- [YOUR INSTRUCTIONS] Leaving the pictures aside, transcribe every line below exactly.

- [GIVEN MATERIAL]
□ □ □ □ □
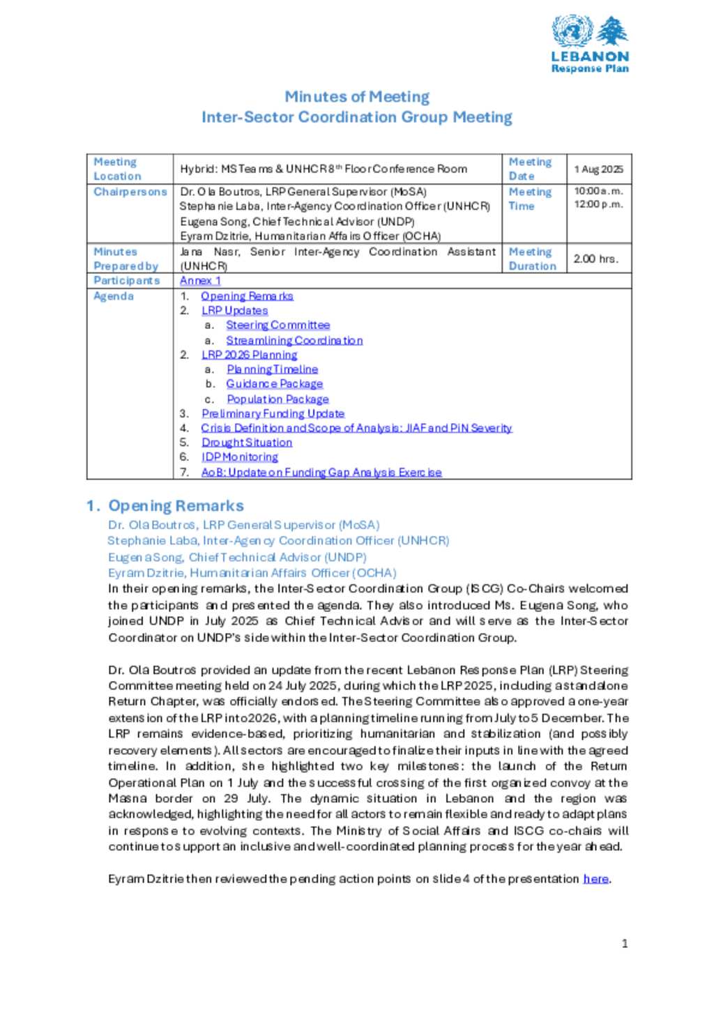 Lebanon: Inter-Sector Coordination Group Minutes of Meeting - 1 August 2025
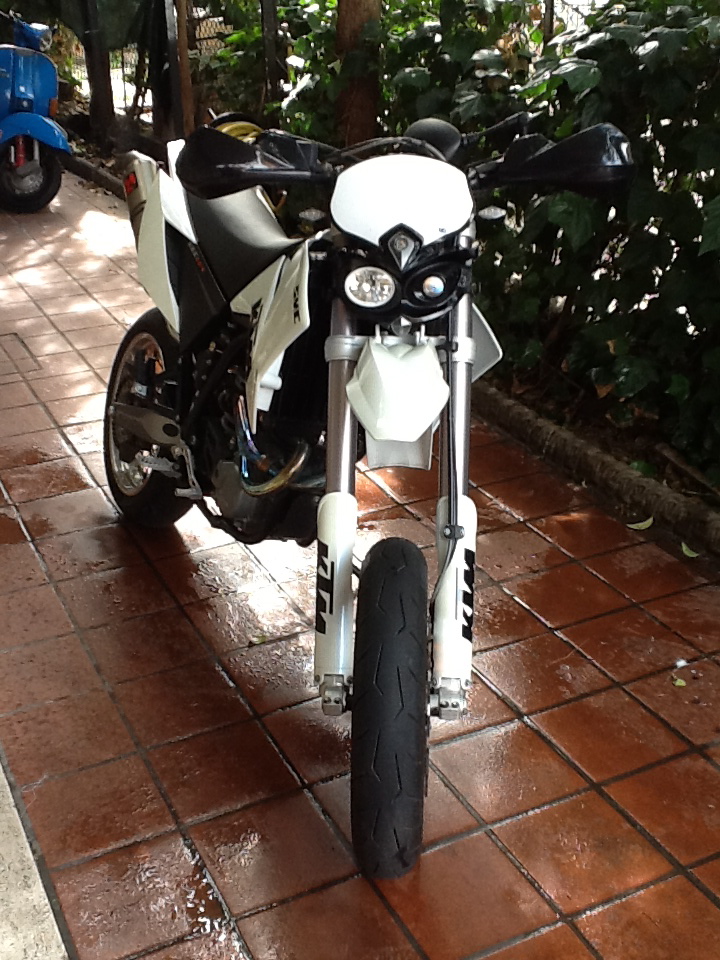 Hskuarna motard o esagerando la Hyper motard della Ducati la 1200.... non è sulla stessa lunghezza d'onda di siimili pure motard, ovvio, è praticamente una moto da strada, con i suoi 270 ed oltre chilometri orari.
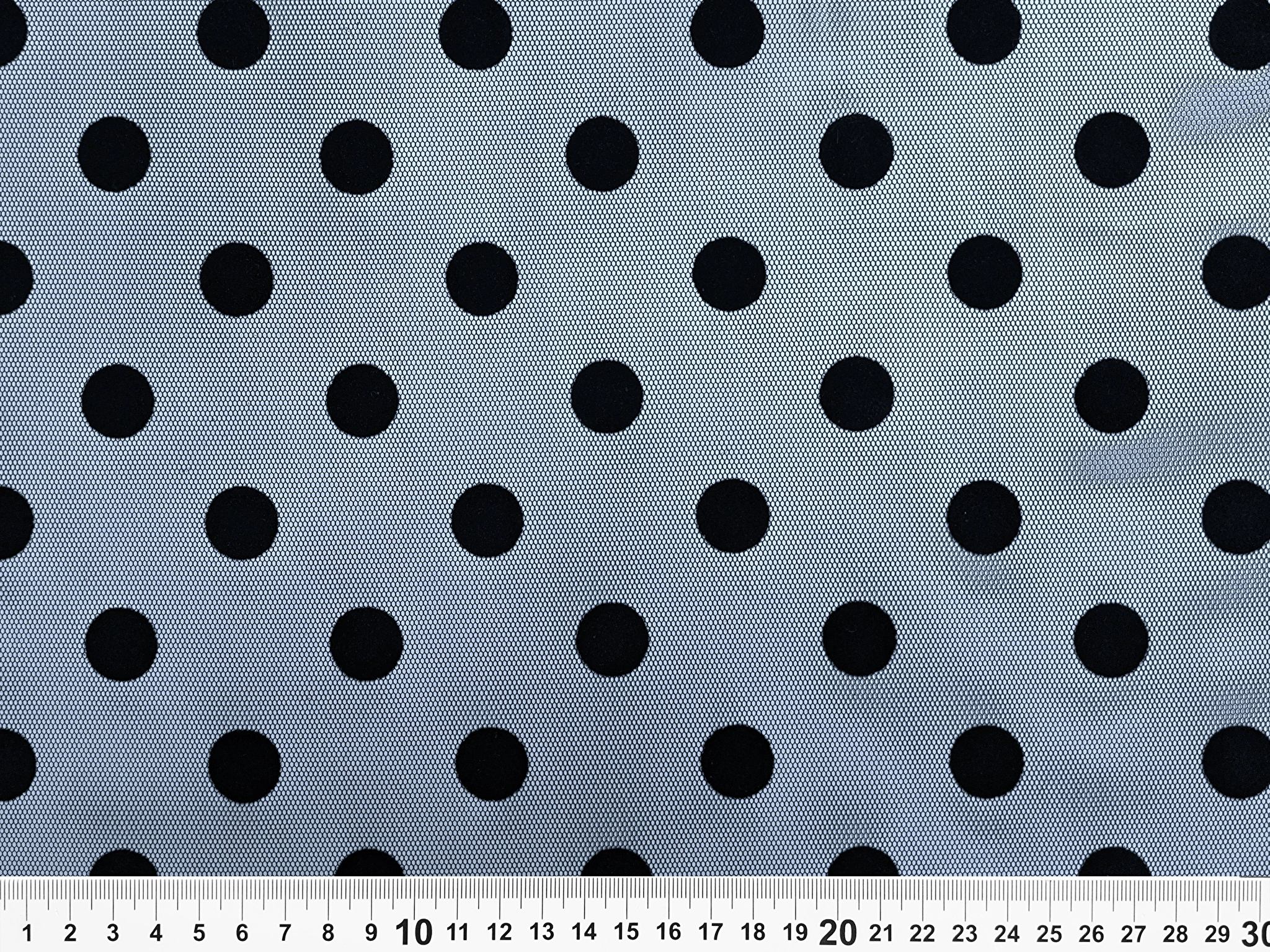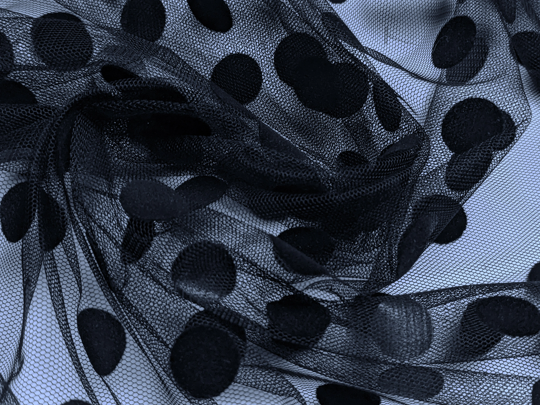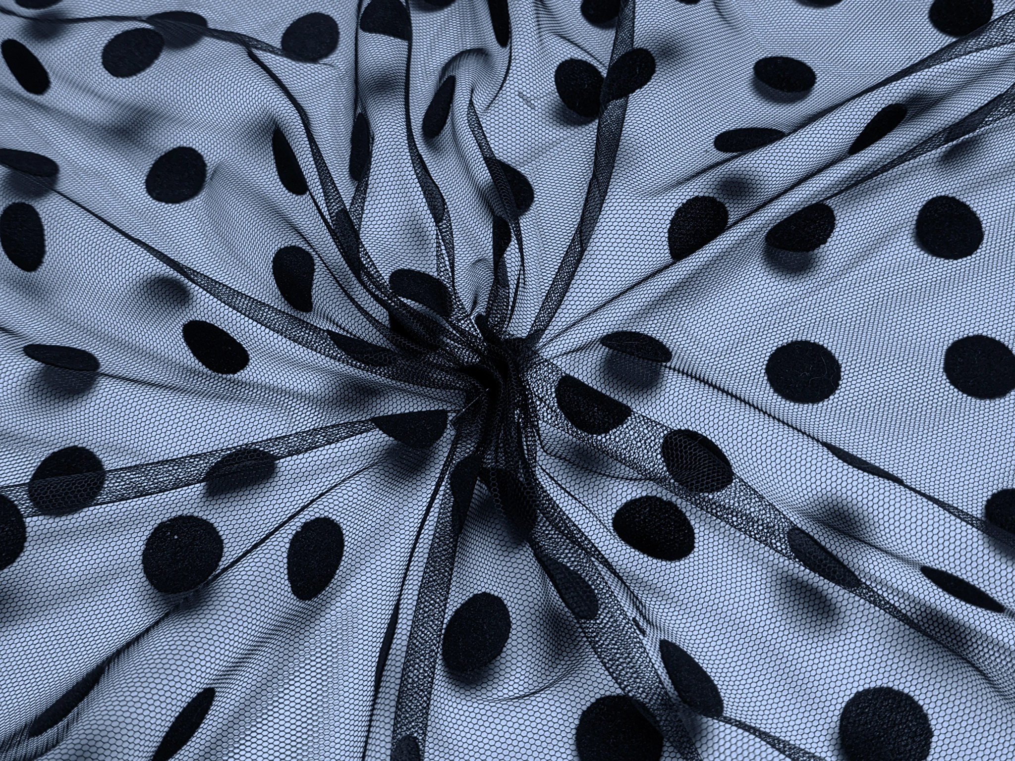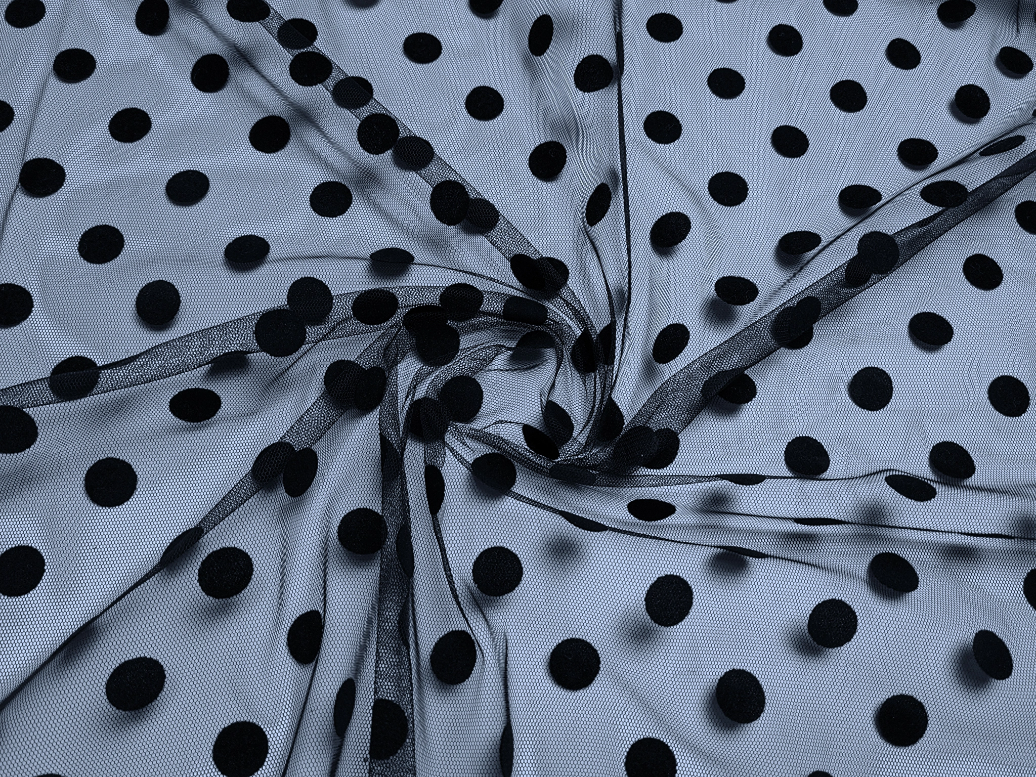 Сітка флок – це легка, невагома та делікатна тканина, яка добре зберігає форму. Полотно не мнеться, тягнеться з одного боку, добре драпірується. Лицьова сторона має бархатисте напилення у вигляді горошків. Сітку флок можна застосовувати для пошиття всього виробу, також може бути декором для будь-яких фасонів одягу та аксесуарів.
□ □ □ □ □
- [WRITTEN ANSWER]
 Lebanon: Inter-Sector Coordination Group Minutes of Meeting - 1 August 2025
 Hskuarna motard o esagerando la Hyper motard della Ducati la 1200.... non è sulla stessa lunghezza d'onda di siimili pure motard, ovvio, è praticamente una moto da strada, con i suoi 270 ed oltre chilometri orari.
 Сітка флок – це легка, невагома та делікатна тканина, яка добре зберігає форму. Полотно не мнеться, тягнеться з одного боку, добре драпірується. Лицьова сторона має бархатисте напилення у вигляді горошків. Сітку флок можна застосовувати для пошиття всього виробу, також може бути декором для будь-яких фасонів одягу та аксесуарів.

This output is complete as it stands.